Predicting human mobility flows in cities using deep learning on satellite imagery

Understanding the interaction between complex urban environments and human mobility flow patterns underpins adaptive transport systems, resilient communities, and sustainable urban developments, yet inter-regional origin-destination mobility flow information from traditional surveys are costly to update. The satellite imagery offers up-to-date information on urban sensing and opens avenues to examine urban morphology-mobility dynamics. This study develops a deep learning model, Imagery2Flow for predicting fine-grained human mobility flows in urban areas using 10 to 30-meter medium resolution satellite imagery in a timely and low-cost manner. Extensive experiments demonstrate good performance and flexible spatial-temporal generalizability on the top-10 largest metropolitan statistical areas of the United States. Through exploring the spatial heterogeneous effects, we investigate the urban factors (centrality and compactness) influencing human movement flow distributions, enhancing our comprehension of their interactions.
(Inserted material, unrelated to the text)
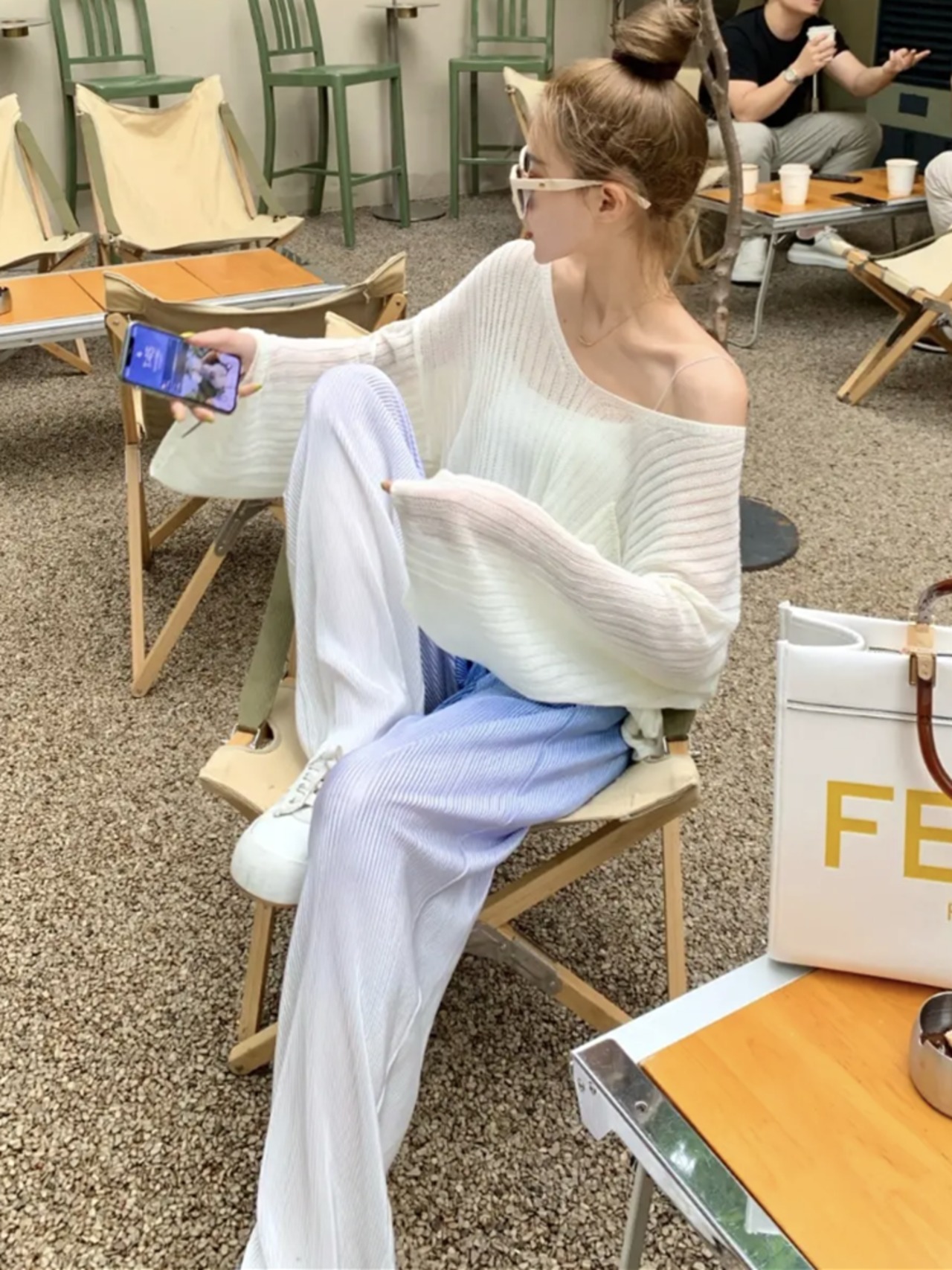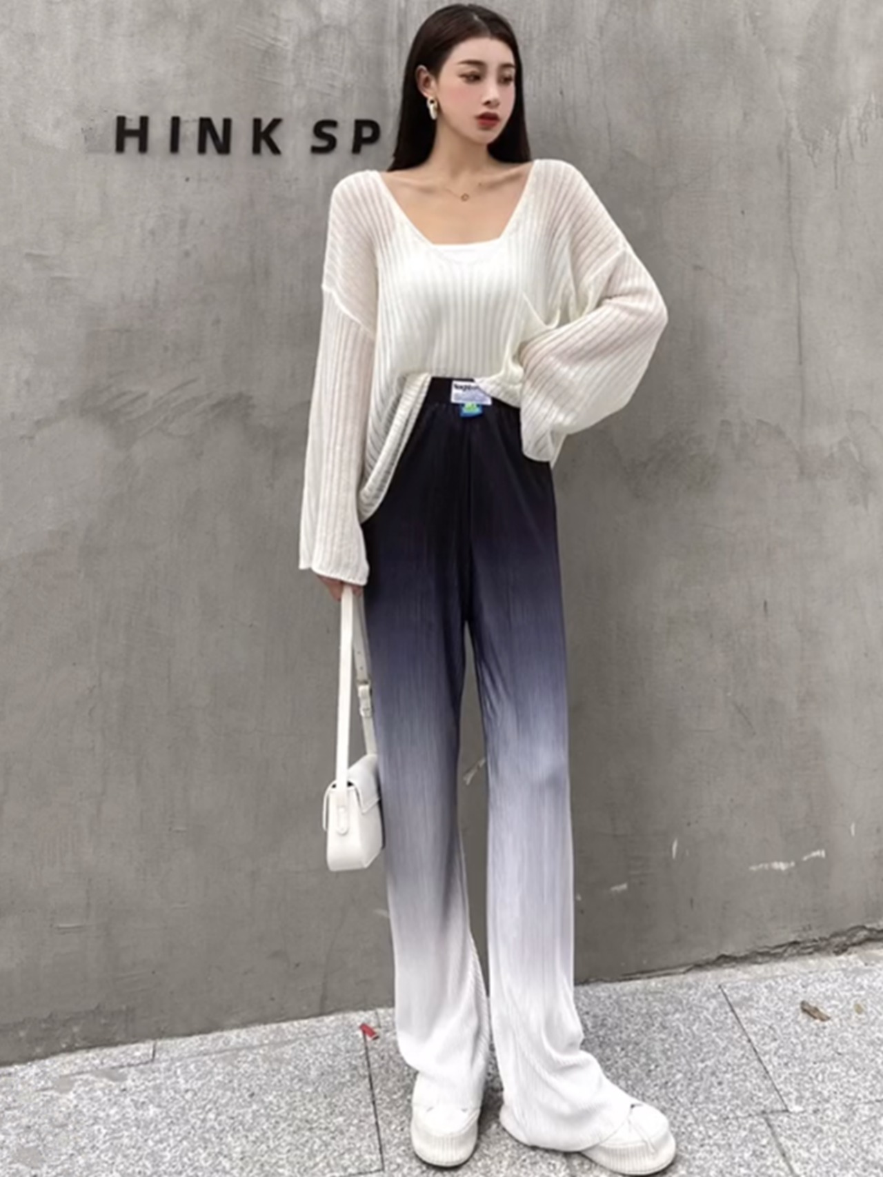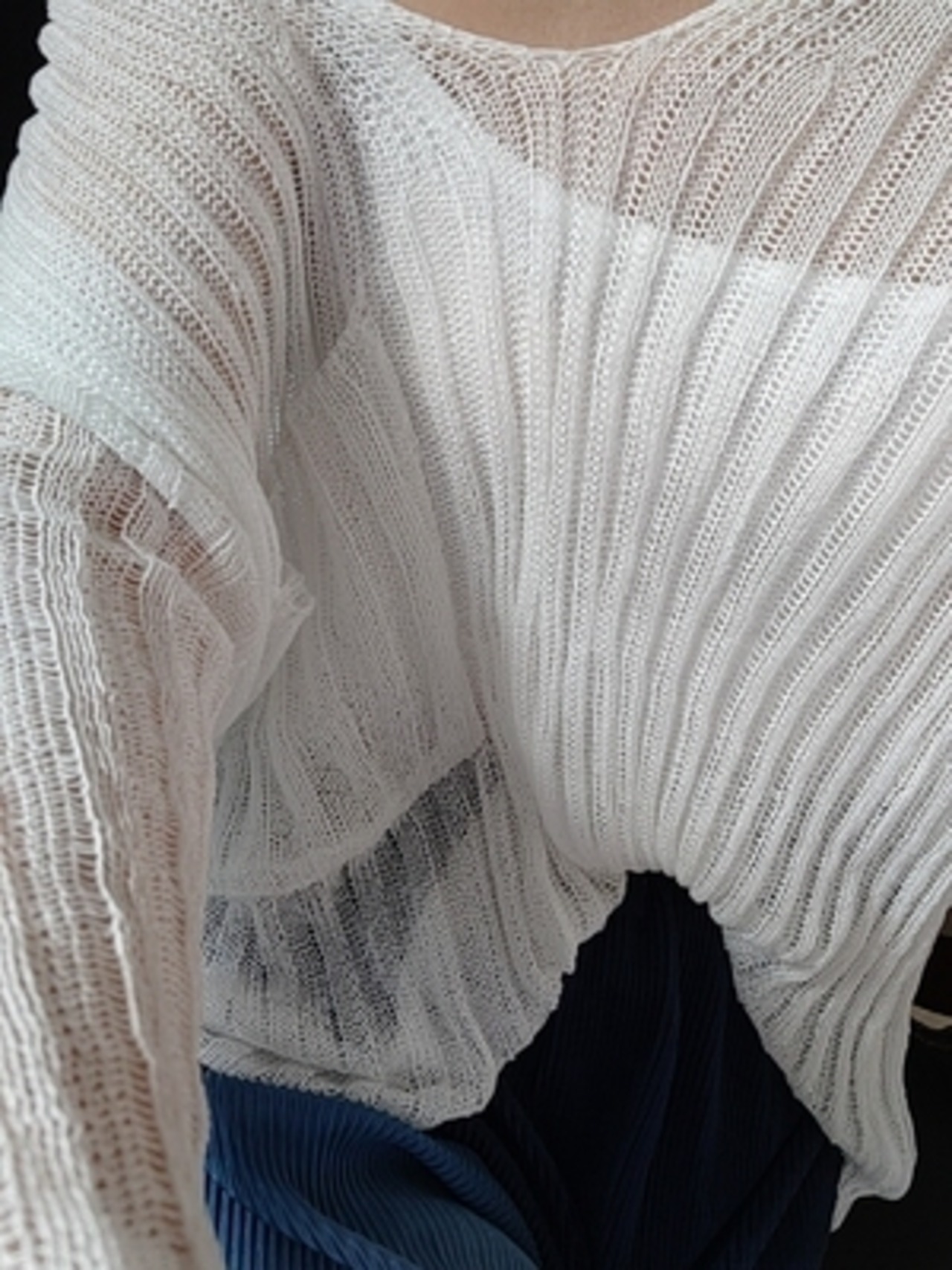 透け感のあるサマーニット+プリーツワイドパンツのセットアップ。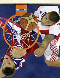 The Russians, who led by only four points after three quarters, stretched their lead to nine early in the fourth after a 3-pointer from Zakhar Pashutin and a layup by Kirilenko. Davor Kus scored 17 points to lead Croatia, which could have earned a place in the quarterfinals with a win. "We woke up and played a beautiful second half," Russia coach David Blatt said. "It was one of our most consistent offensive games." Defending champion Greece reached the quarterfinals by beating Portugal 85-67. Dimosthenis Ntikoudis scored 17 points and pulled down nine rebounds as the Greeks dominated the post, outscoring their opponents 38-18 from inside the foul lane while also converting 10-of-18 from the 3-point line. "We knew it was a very dangerous game and that's why we played under the (net)," forward Michail Kaziouzis said. Joao Santos led Portugal with 17 points. Later Tuesday, Israel faced world champion Spain needing a victory to advance to the quarterfinals. A Spanish win would send Croatia to the next round. Russia's defense in the second half forced some erratic shooting and several turnovers by Croatia, which played without injured guard Marko Popovic. "We lost our concentration, made many mistakes and conceded too many fast-break points," Croatia coach Jasmin Repesa said. "These are strong teams and if you lose your concentration against them, they will punish you." Led by center Mario Kasun, Croatia led 21-19 by the end of the opening period, but repeatedly turned the ball over _ commited six of its 19 in the second quarter _ to keep Russia close. Kus hit a 3-pointer to give Croatia a 39-32 lead late in the half, but Russia rallied and Kirilenko's flying dunk with seconds to play cut the deficit to 42-41. Russia jumped ahead 50-47 in the third, but Kasun put Croatia back in front 54-53 before the Russians took control for good. Greece guard Dimitris Diamantidis was 3-for-4 from behind the 3-point line and finished with 13 points, while Vassilis Spanoulis added 10. Greece, inspired by the presence of former great Nick Galis in the stands, next will face the loser of Wednesday's game between Lithuania and Slovenia. "We are not afraid of anyone," Spanoulis said. "Greece has proved in the past that (it) can come through in the most crucial games and to be great you have to win big games." Portugal led 17-16 after the first quarter, but the Greeks capitalized on turnovers and moved ahead 45-34 by halftime. "We've been a surprise and against Greece today we kept dreaming," Portugal forward Elvis Evora said. "We go home with our heads up, very proud of ourselves." The second round ends Wednesday with Germany playing Italy for the final spot in the quarterfinals from Group F. Also, France faces Turkey.

The spatial transferability of Imagery2Flow helps reduce regional inequality by informing decisions in data-poor regions, learning from data-rich ones. Interestingly, the typologies of urban sprawl can help explain the cross-city model generalization capability. The temporal transferability proves that human dynamics of cities and the process of urbanization can be well captured from the observed built environment by remote sensing.